Als Lösungsmittel für Nikotin und Aromen wird meist Propylenglykol verwendet, das selbst ein Reizstoff und Kontaktallergen ist und aus dem sich durch den Heizdraht Propylenoxid entwickelt, das im Verdacht steht, krebsfördernd zu sein. Noch problematischer ist das ebenfalls als Lösungsmittel verwendete Äthylenglykol (1,2 Ethandiol), dessen Reaktionsprodukte nieren- und neurotoxisch sind. Zwar seien, so der Experte der ÖGP, die krebserzeugenden Stoffe wie Formaldehyd und ähnliche, die sich aus fast allen E-Zigaretten entwickeln, nur in kleineren Konzentrationen als bei der Tabakverbrennung nachweisbar, aber verteilt auf der großen Oberfläche der Nanopartikel genügen vielleicht auch Spuren von Karzinogenen, um Krebs zu verursachen.

E-Zigaretten zur Nikotinentwöhnung geeignet?

Nikotinhältige E-Zigaretten. Während eine Nikotinersatztherapie durch Nikotinpflaster und Nikotinkaugummis als Übergangslösung gedacht ist, ist eine nikotinhaltige E-Zigarette zur Daueranwendung über Jahre und Jahrzehnte konzipiert und vom Hersteller intendiert, was angesichts der vielen negativen Auswirkungen von Nikotin auf das Herz-Kreislauf-System genauso schädlich ist wie herkömmliche Zigaretten. Wie Präsentationen auf der Jahrestagung der European Respiratory Society 2019 gezeigt haben, ist die E-Zigarette nicht geeignet für die Raucherentwöhnung.

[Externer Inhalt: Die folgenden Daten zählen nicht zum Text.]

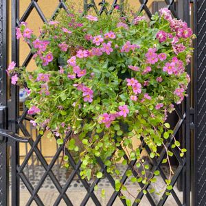 玄関に新しいハンギングをつくりました。ジプリフィラは可憐でかわいいです。
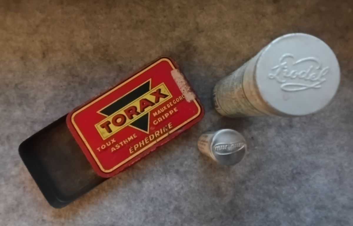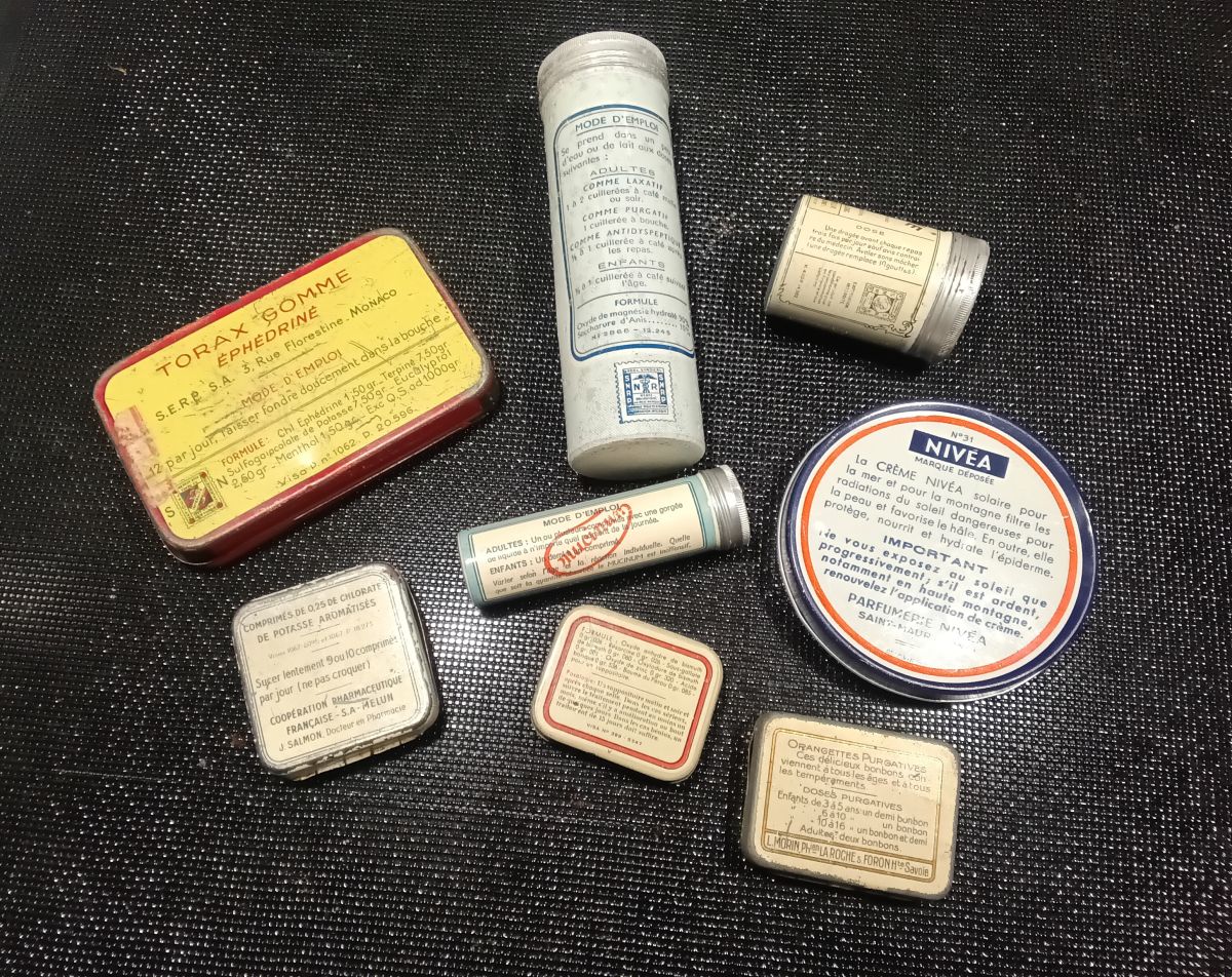 TORAX EPHEDRINE; MAGNESIE S. PELLEGR8NO; FLUXINE Dragées ; NIVEA CREME SOLAIRE; MUCINUM comprimés ; CHLORA-MINT (abîmée mais reste correct); ANUSAL Échantillon médical; ORANGETTES du Docteur MORIN.

Nikotinfreie E-Zigaretten. Und selbst wenn man auf nikotinfreie E-Zigaretten umsteigt, gibt es zwar keine nikotinbedingte schädigende Wirkung auf das Herz-Kreislauf-System, es bleibt aber die Problematik der Aromastoffe und Trägersubstanzen, deren Wirkungen und Nebenwirkungen auf Lunge und Atemwege weitgehend unbekannt sind. Lamprecht betonte: „Auch die nikotinfreien E-Zigaretten sind ganz bestimmt nicht als risikolos einzustufen, da wir nicht wissen, wie sich das Einatmen von Aromastoffen und ihren eigenwilligen Mischungen auf die Atemwege auswirkt. Dass sie Schaden anrichten, ist aber naheliegend. Denn Atemwege sind weder für die Inhalation von Rauch noch von Dampf gemacht.“

Für sehr starke Raucher, die einfach nicht vom Rauchen wegkommen können, wäre die E-Zigarette möglicherweise das kleinere Übel. Für Nichtraucher allerdings ist sie sicher eine gefährliche Einstiegsdroge.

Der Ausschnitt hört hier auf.